*** Begin section ***

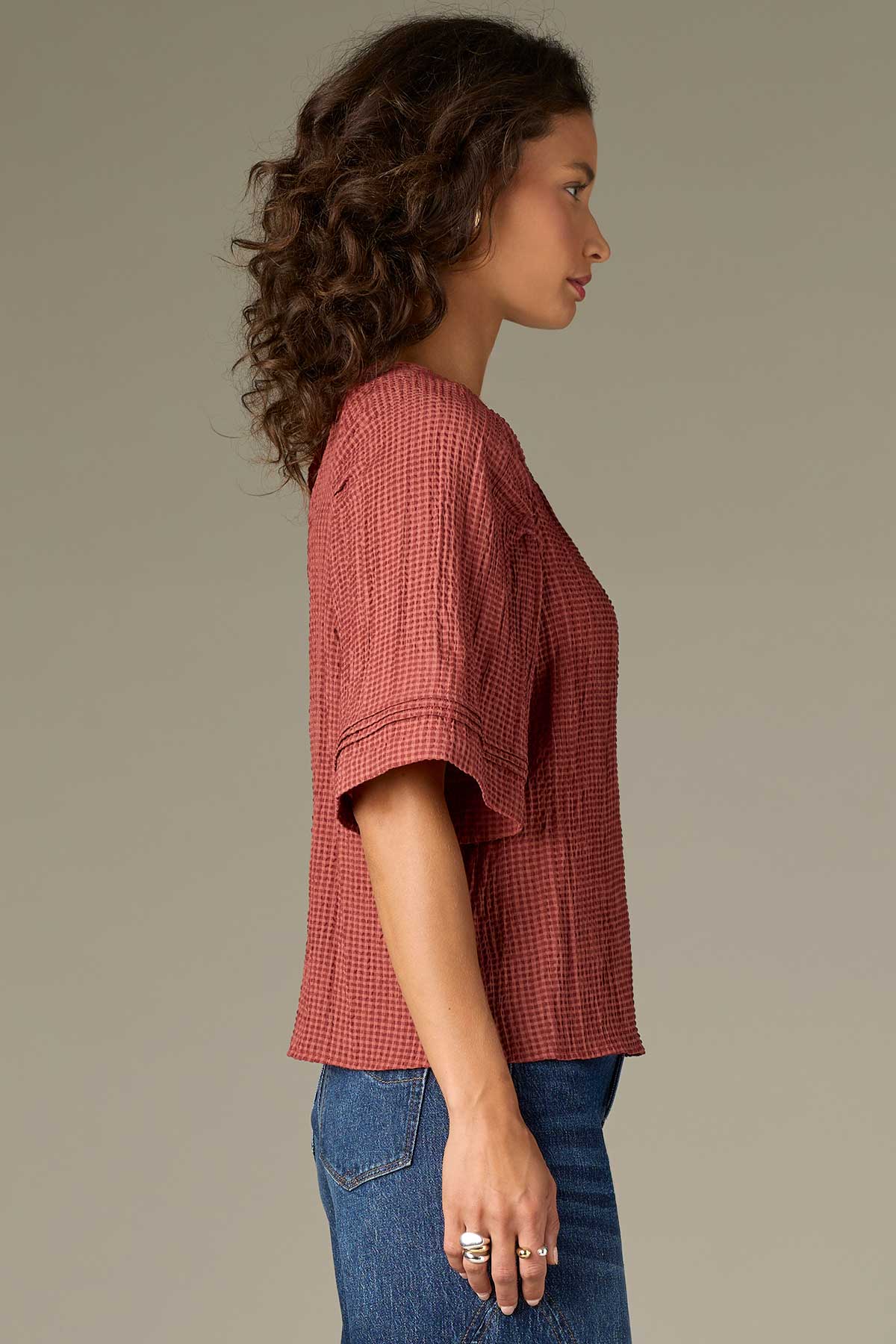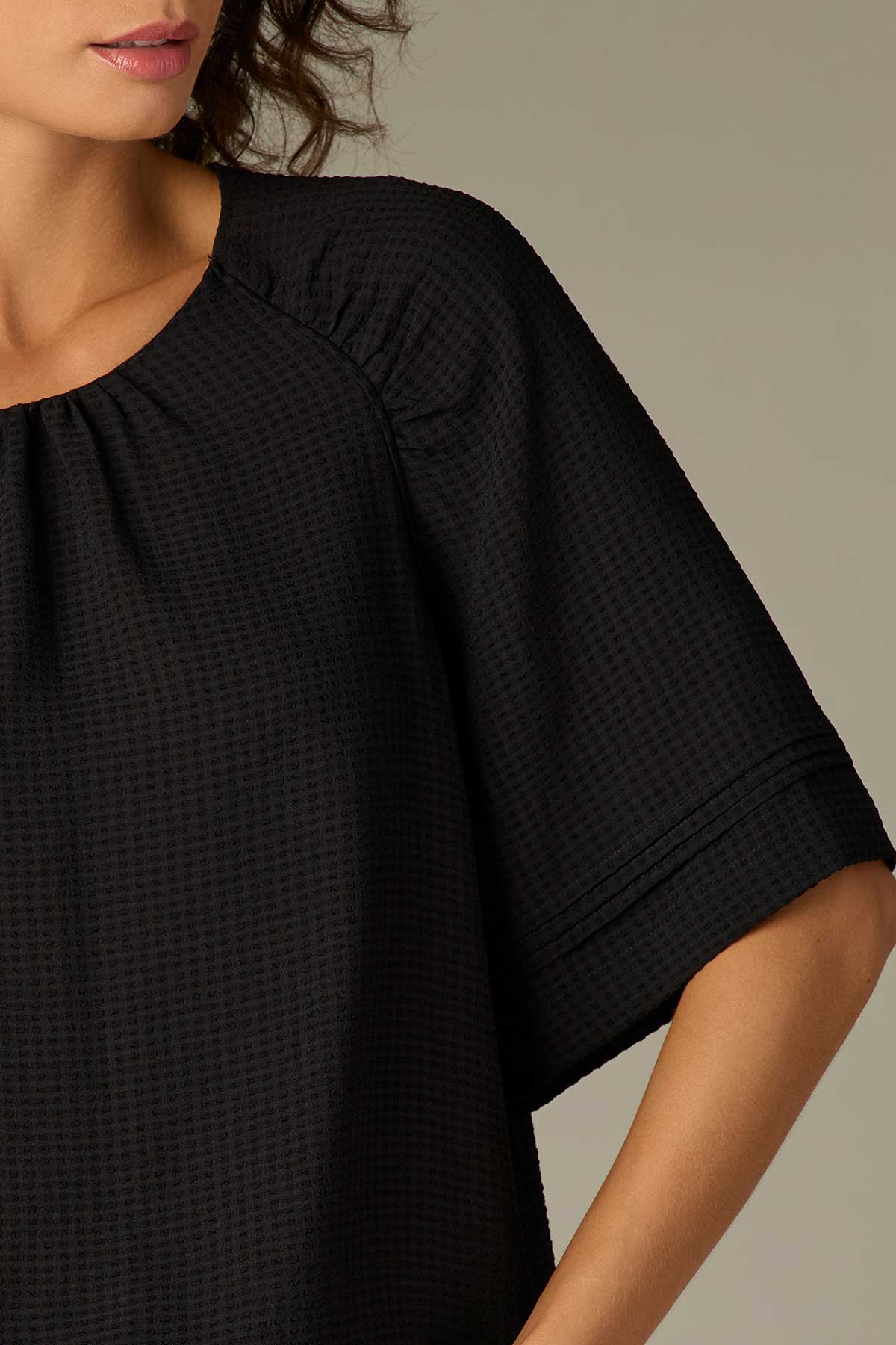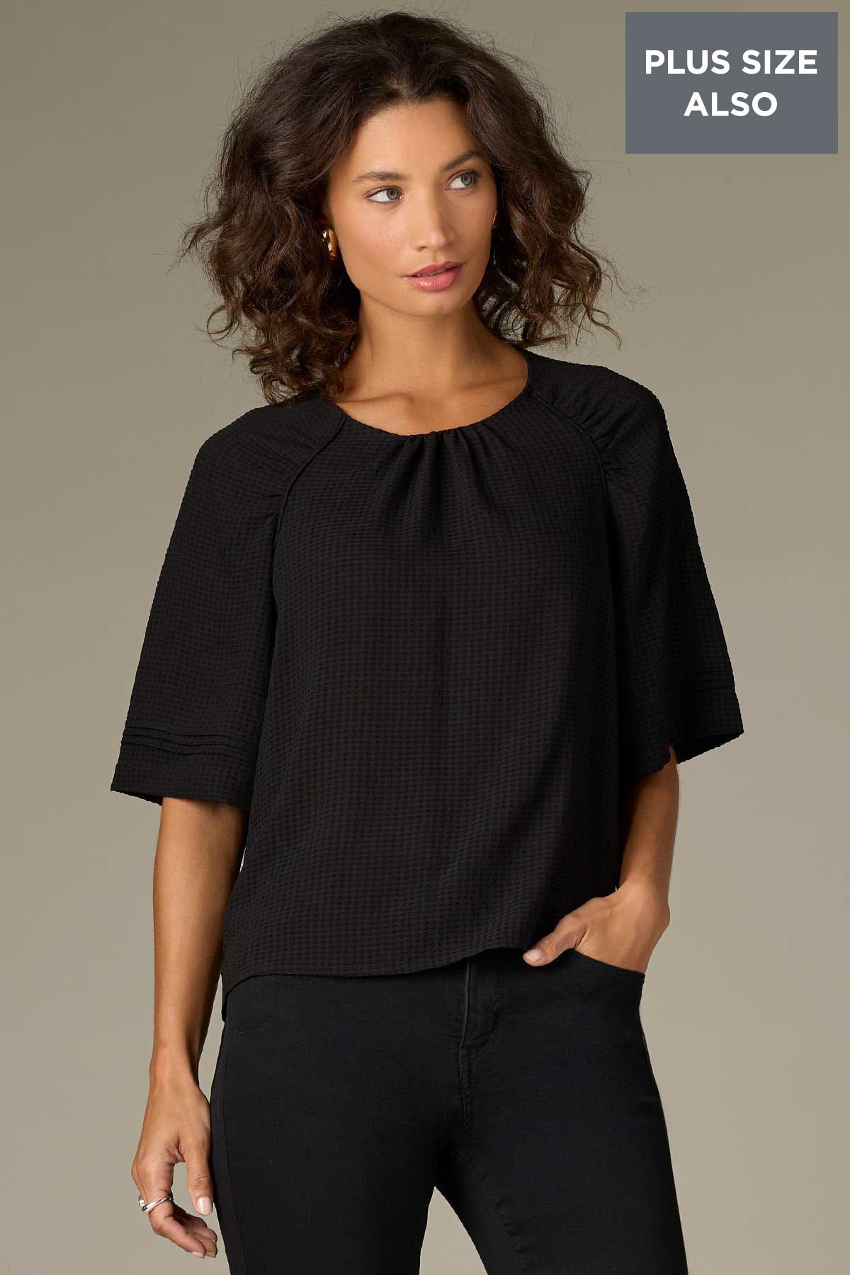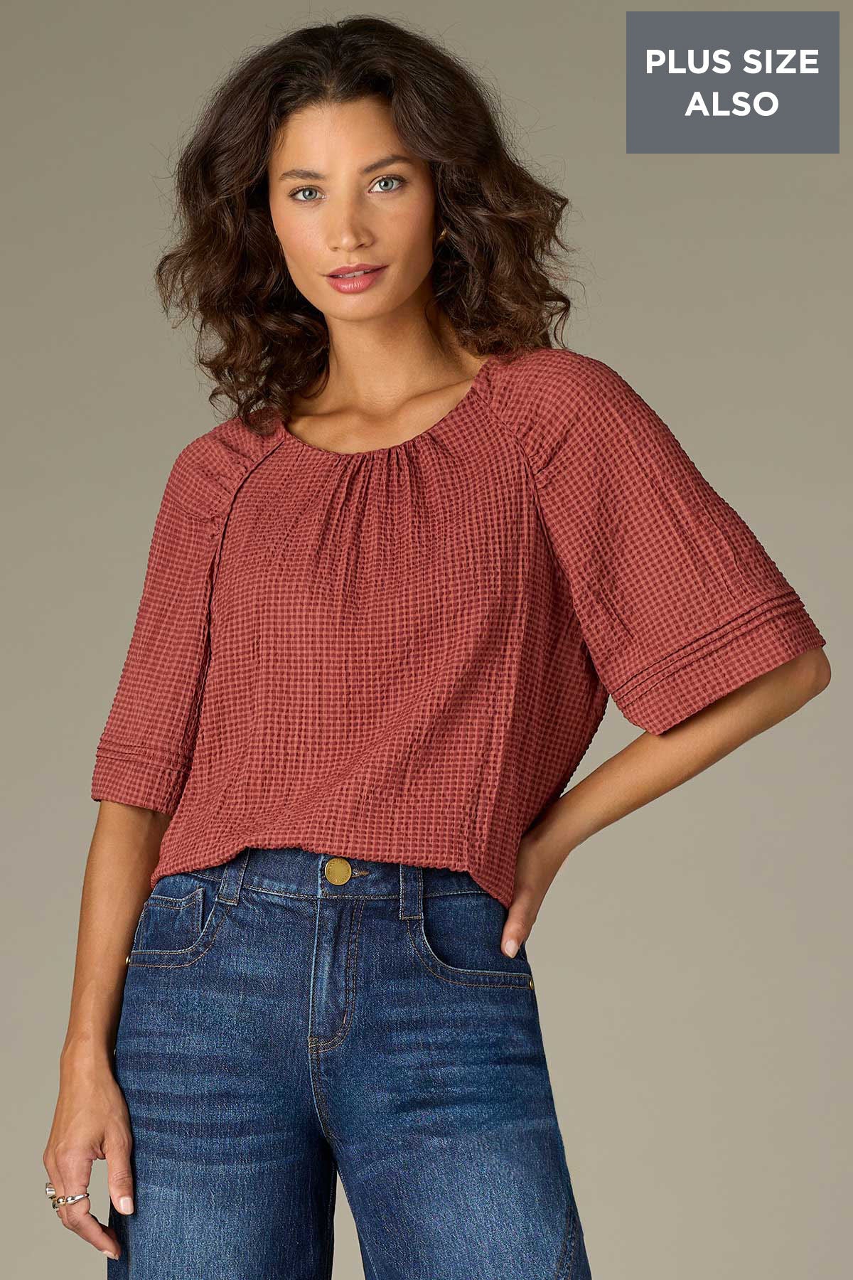 Add a pop of color and texture to your wardrobe with this woven top in plus sizing, designed with elbow raglan sleeves, a shirred scoop neck, and pintucking details. Pair it with everything from your favorite jeans to a polished pair of trousers.
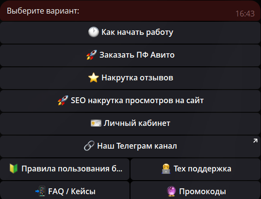 Авито ПФ – бот в телеграмме, предоставляющий услуги накрутки трафика не только на сервис Avito, а также на личные сайты и социальные сети. Проект существует уже более 2 лет, однако базу отзывов так и не собрал, да и сами пользователи смотрят на подобные решения с опаской.
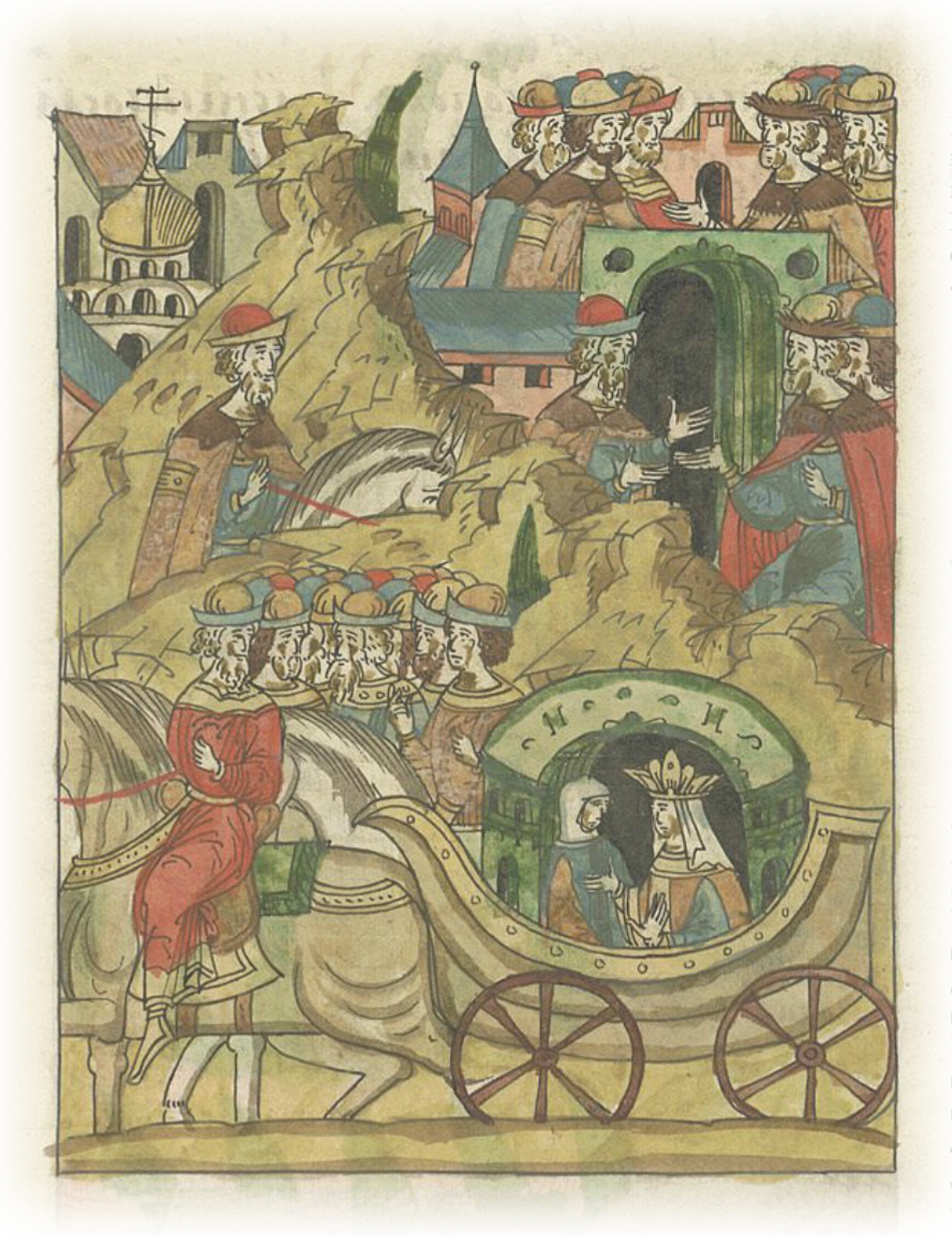 Боярин же великого князя пришел и передал эти слова князю Дмитрию и все другие. Князь же Дмитрий, обдумав с боярами своими, сказал: «Брат, зачем томить мне не просто тетку, но и госпожу свою великую княгиню? Сам бегаю, а люди самому нужны и уже устали; чем ее стеречь, лучше отпустить ее». И так решили отпустить ее из Каргополя; а с нею послал князь Дмитрий боярина своего Михаила Федоровича Сабурова, да детей боярских с ним.
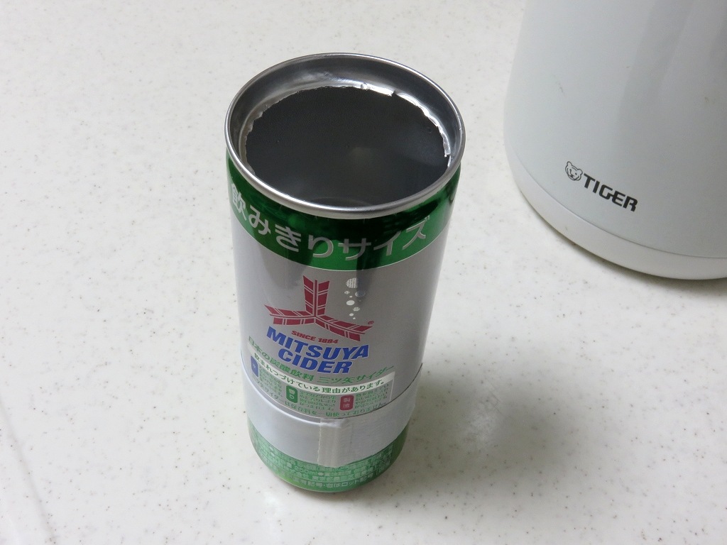 1.缶切で開けた空き缶に、プラ板を強力タイプのガムテで巻きつけ。
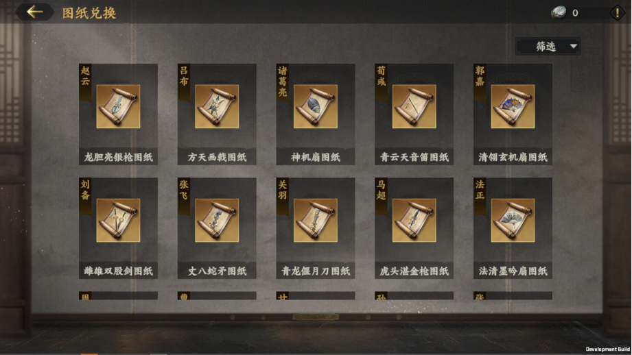 2、【天下大势】-【谋定后战】阶段,解锁“武器装备”系统后,即可使用器魂兑换想要的武将的专武图纸。激活专武图纸就可以解锁或进阶专武啦。
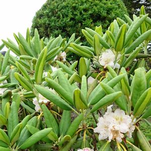 西洋シャクナゲザッフオー 今朝雨の庭で、西洋シャクナゲが咲いているのを発見 ☔️雨に打たれて痛々しそう❣️ ザッフオーは、春と秋に咲く2期咲きのようです。 春は、2輪のみの開花でしたが、現在16個の壷が、🤍 その一つが咲き始めていました🎶 白い花弁に入っている濃い紫色の斑点が目立って、素敵です💕 和名 秀峰
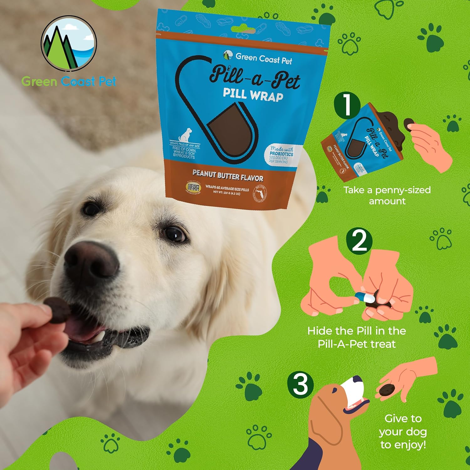 Pill-a-Pet Pill Wrap for Dogs Peanut Butter Flavor | Made in USA | Probiotics
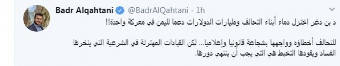 طالب الإعلامي السعودي بدر القحطاني، اليوم، بإنهاء دور القيادات الفاسدة في حكومة الشرعية.

*** End section ***

▸ **About this exercise**
The answer must restate every entry word for word, with the pictures left out.

▸ **Output of the task**
 Add a pop of color and texture to your wardrobe with this woven top in plus sizing, designed with elbow raglan sleeves, a shirred scoop neck, and pintucking details. Pair it with everything from your favorite jeans to a polished pair of trousers.
 Авито ПФ – бот в телеграмме, предоставляющий услуги накрутки трафика не только на сервис Avito, а также на личные сайты и социальные сети. Проект существует уже более 2 лет, однако базу отзывов так и не собрал, да и сами пользователи смотрят на подобные решения с опаской.
 Боярин же великого князя пришел и передал эти слова князю Дмитрию и все другие. Князь же Дмитрий, обдумав с боярами своими, сказал: «Брат, зачем томить мне не просто тетку, но и госпожу свою великую княгиню? Сам бегаю, а люди самому нужны и уже устали; чем ее стеречь, лучше отпустить ее». И так решили отпустить ее из Каргополя; а с нею послал князь Дмитрий боярина своего Михаила Федоровича Сабурова, да детей боярских с ним.
 1.缶切で開けた空き缶に、プラ板を強力タイプのガムテで巻きつけ。
 2、【天下大势】-【谋定后战】阶段,解锁“武器装备”系统后,即可使用器魂兑换想要的武将的专武图纸。激活专武图纸就可以解锁或进阶专武啦。
 西洋シャクナゲザッフオー 今朝雨の庭で、西洋シャクナゲが咲いているのを発見 ☔️雨に打たれて痛々しそう❣️ ザッフオーは、春と秋に咲く2期咲きのようです。 春は、2輪のみの開花でしたが、現在16個の壷が、🤍 その一つが咲き始めていました🎶 白い花弁に入っている濃い紫色の斑点が目立って、素敵です💕 和名 秀峰
 Pill-a-Pet Pill Wrap for Dogs Peanut Butter Flavor | Made in USA | Probiotics
 طالب الإعلامي السعودي بدر القحطاني، اليوم، بإنهاء دور القيادات الفاسدة في حكومة الشرعية.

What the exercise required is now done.